Data Encryption at Rest and in Transit
All major AI legal tools now claim AES-256 encryption at rest and TLS 1.3 encryption in transit, but implementation details vary significantly. For example, LexisNexis’s Lexis+ AI stores all user queries and uploaded documents in isolated tenant environments within AWS GovCloud, certified under FedRAMP Moderate (GSA, 2024). Casetext’s CoCounsel (now part of Thomson Reuters) uses a “zero-retention” model: after processing a query, the underlying GPT-4 instance discards the prompt data within 30 minutes, with no training on client data permitted under the enterprise license agreement.

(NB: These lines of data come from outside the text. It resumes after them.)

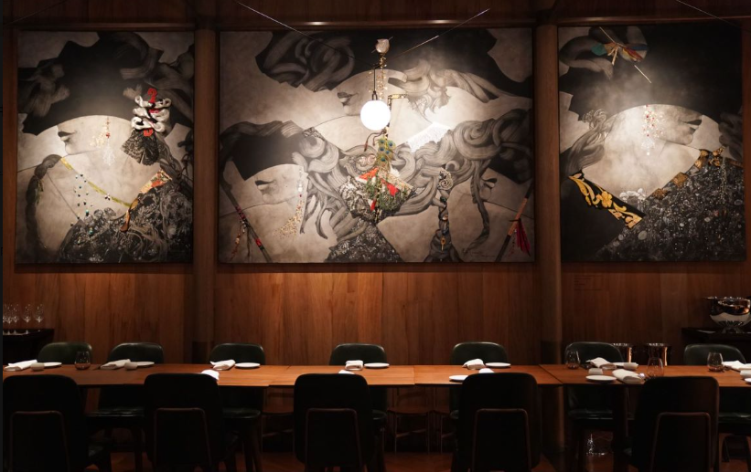 餐厅整体设计为红黑色调的海派风格,璀璨夺目的大型琉璃与亚克力勾勒的红色繁花艺术品,映衬窗外外滩繁华丽景,营造全方位感官盛宴,美馔之旅由此开启。“锦鳞”取自范仲淹的《岳阳楼记》中的“沙鸥翔集,锦鳞游泳。”契合餐厅位于浦江交汇处的同时,亦象征着餐厅秉持传承与现代的交融。
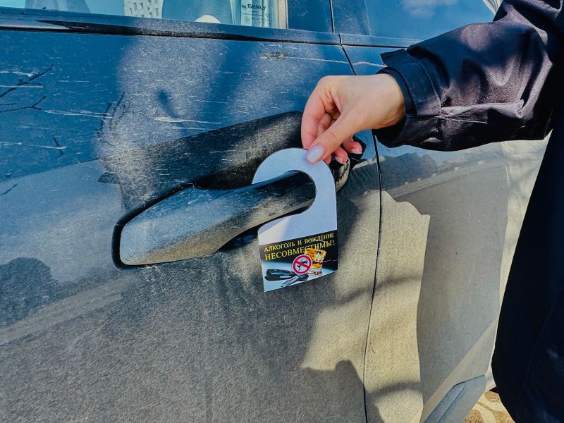 Дорхенгеры с напоминанием «сообщи о нетрезвом водителе» украсили дверные ручки более 20 припаркованных автомобилей: инспекторы прикрепили их на машины, чтобы водители не забывали о важности соблюдения ПДД.
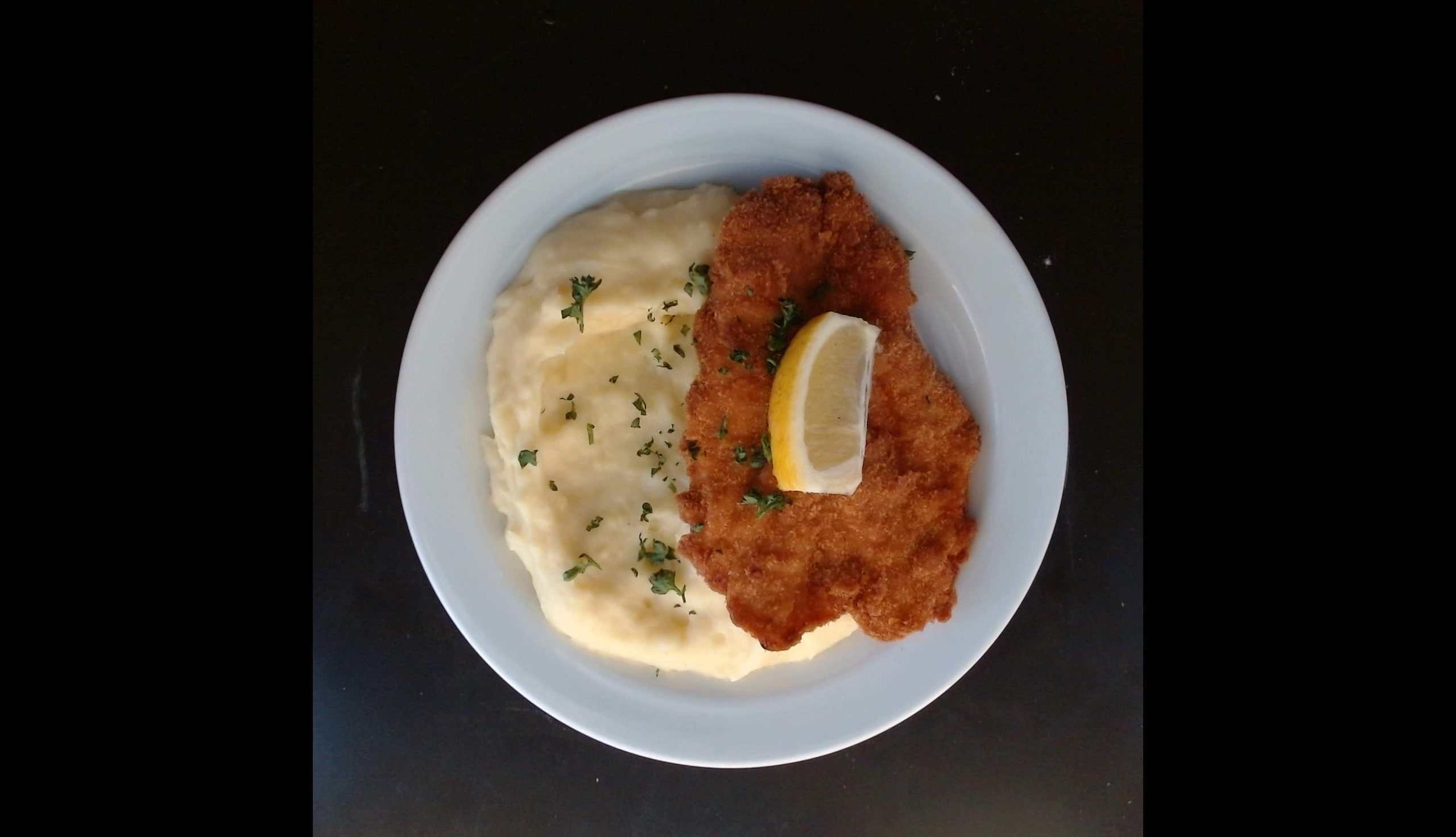 Smažený kuřecí řízek, bramborová kaše, citron
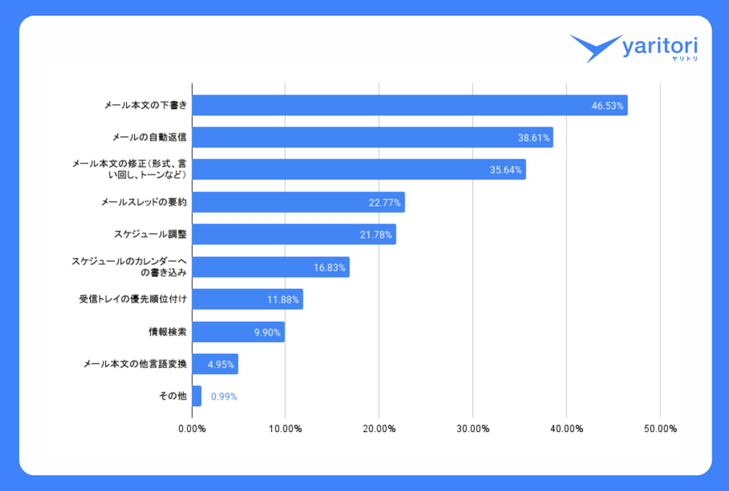 具体的なAIの活用用途は、「メール本文の下書き」「メールの自動返信」「メール本文の修正」が上位を占めています。メール対応に必要な一連のタスクのなかで、とくに多くの時間を使う「メール本文の作成」についてAI活用が進んでいることがわかります。
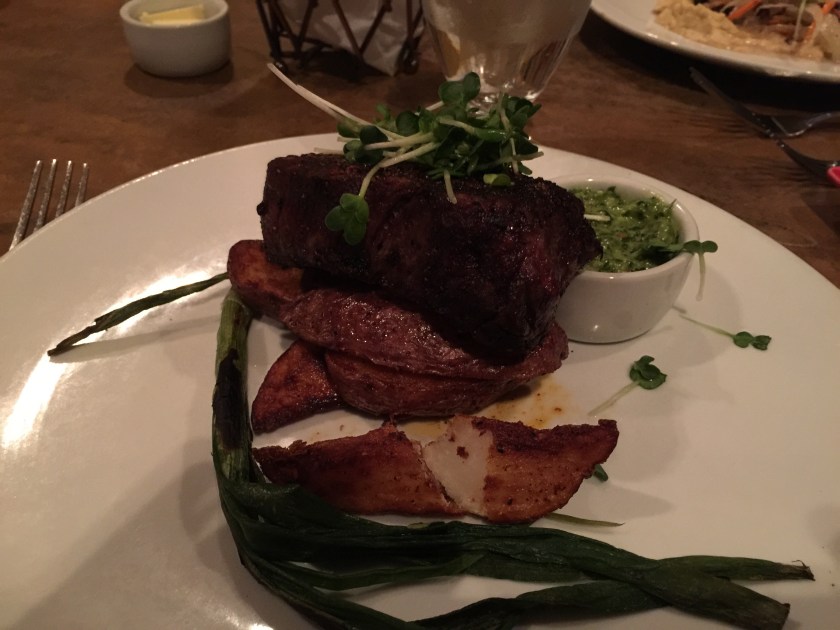 Then I had the salmon on a blackberry slaw and polenta and Duke had the beef tenderloin.
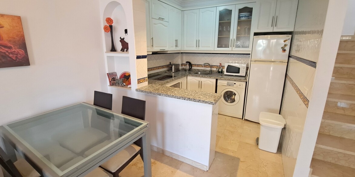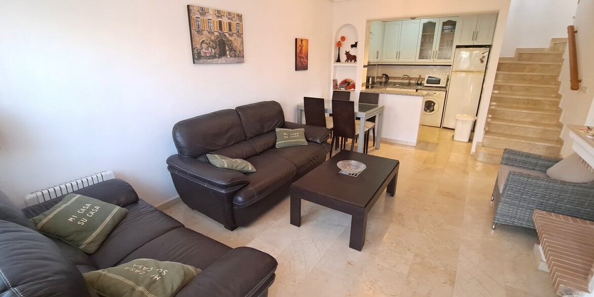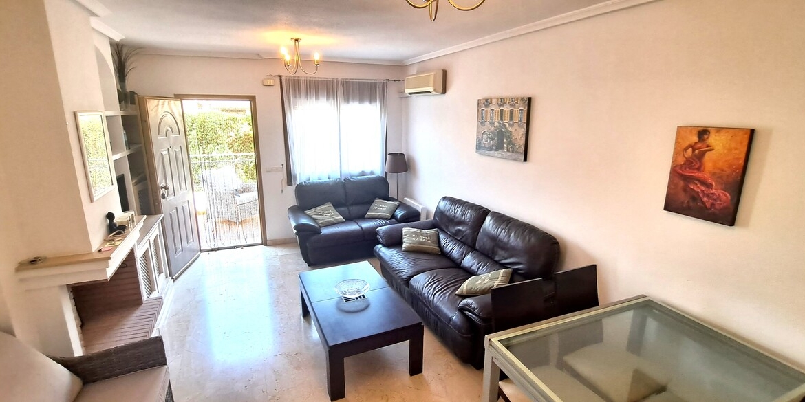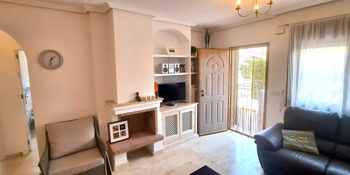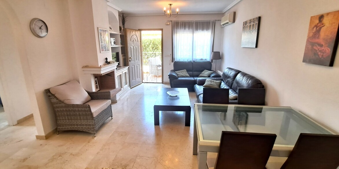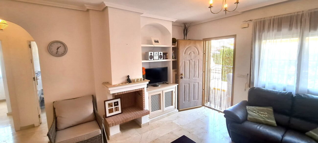 Comprising of a bright lounge-dining area with feature fireplace, a fully fitted open plan kitchen. 2 bedrooms located on ground floor level with fitted wardrobes and a family bathroom. An Internal staircase leads to the first floor and master bedroom and benefits from an en-suite bathroom. The property has beautiful marble flooring throughout and has been kept in excellent condition by the current owner. There is a tranquil communal pool and garden area just a few steps away from the property. This quad villa is sold fully furnished with white goods and air-conditioning units.
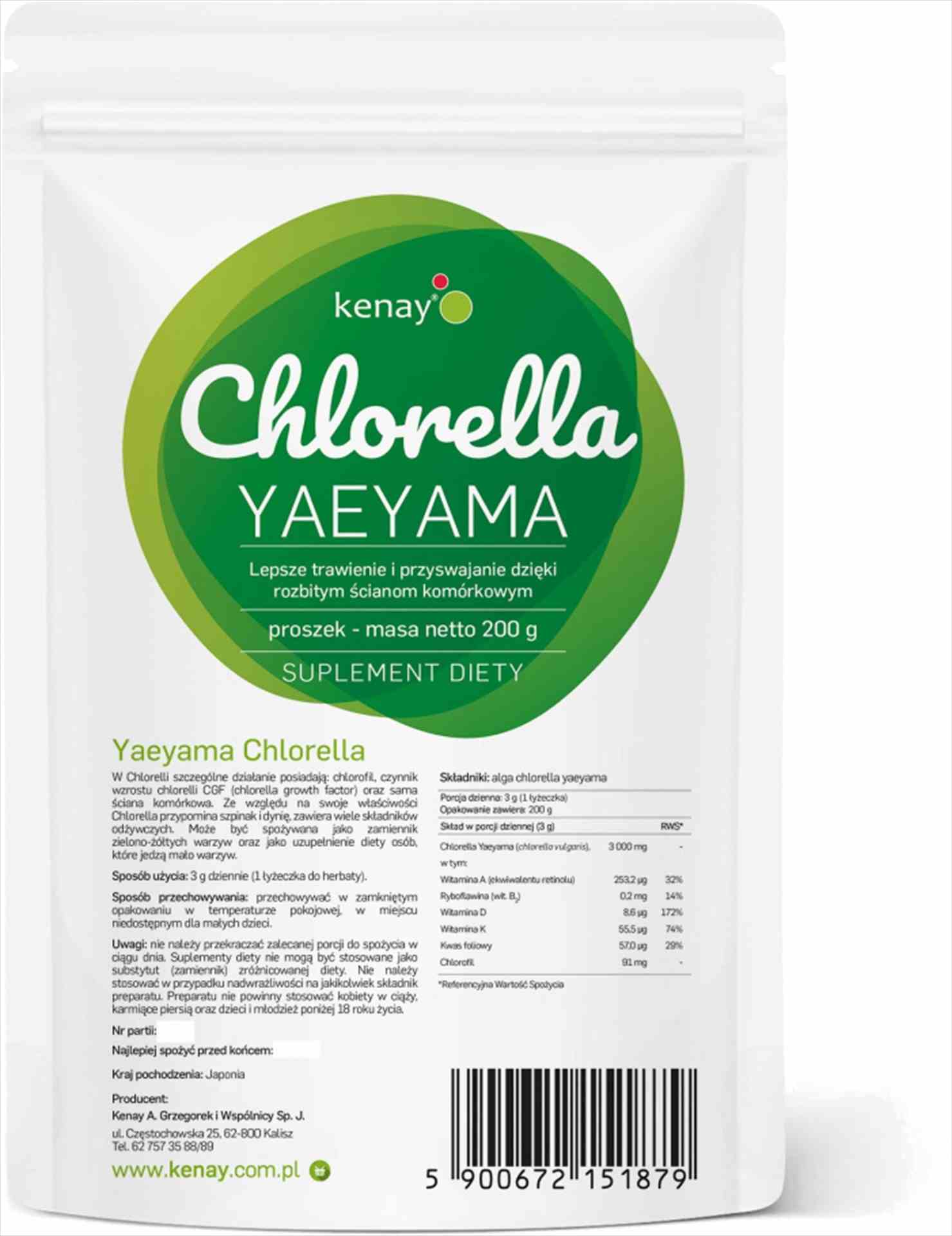 Kenay Chlorella Yaeyama 200 g to wysokiej jakości suplement diety zawierający chlorellę, jedną z najbardziej odżywczych roślin na świecie. Chlorella Yaeyama to szczególny gatunek chlorelli, uprawiany na wyspie Yaeyama w Japonii, gdzie korzysta z korzystnych warunków środowiskowych.
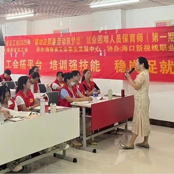 9月13日,由省总工会主办、省工会事业发展中心承办、海口新视线职业培训学校协办的2025年第一批“建功自贸港、劳动筑梦想”就业困难人员保育师培训班在海口顺利开班,来自全省各地60多名学员齐聚一堂,开启职业技能提升之旅。省工会事业发展中心和培训机构相关负责人出席开班仪式。此次培训班旨在通过专业技能培训,帮助就业困难群体掌握保育师职业技能,破解就业难题,同时为海南自贸港学前教育领域输送专业人才,实现民生保障与产业需求的有机衔接。这是省总工会聚焦“稳就业、...

Key Vault and Key Ownership
The critical differentiator is key management. Some tools use shared encryption keys managed by the provider, meaning the vendor can technically decrypt your data. Others—such as the enterprise tiers of Harvey AI and Spellbook—offer bring-your-own-key (BYOK) support, allowing law firms to store encryption keys in their own Azure Key Vault or AWS KMS instance. A 2024 study by the International Association of Privacy Professionals (IAPP 2024, AI and Encryption Practices in Legal Services) found that only 12% of AI legal tools provide BYOK as a standard feature, yet firms handling cross-border M&A or IP litigation almost universally require it.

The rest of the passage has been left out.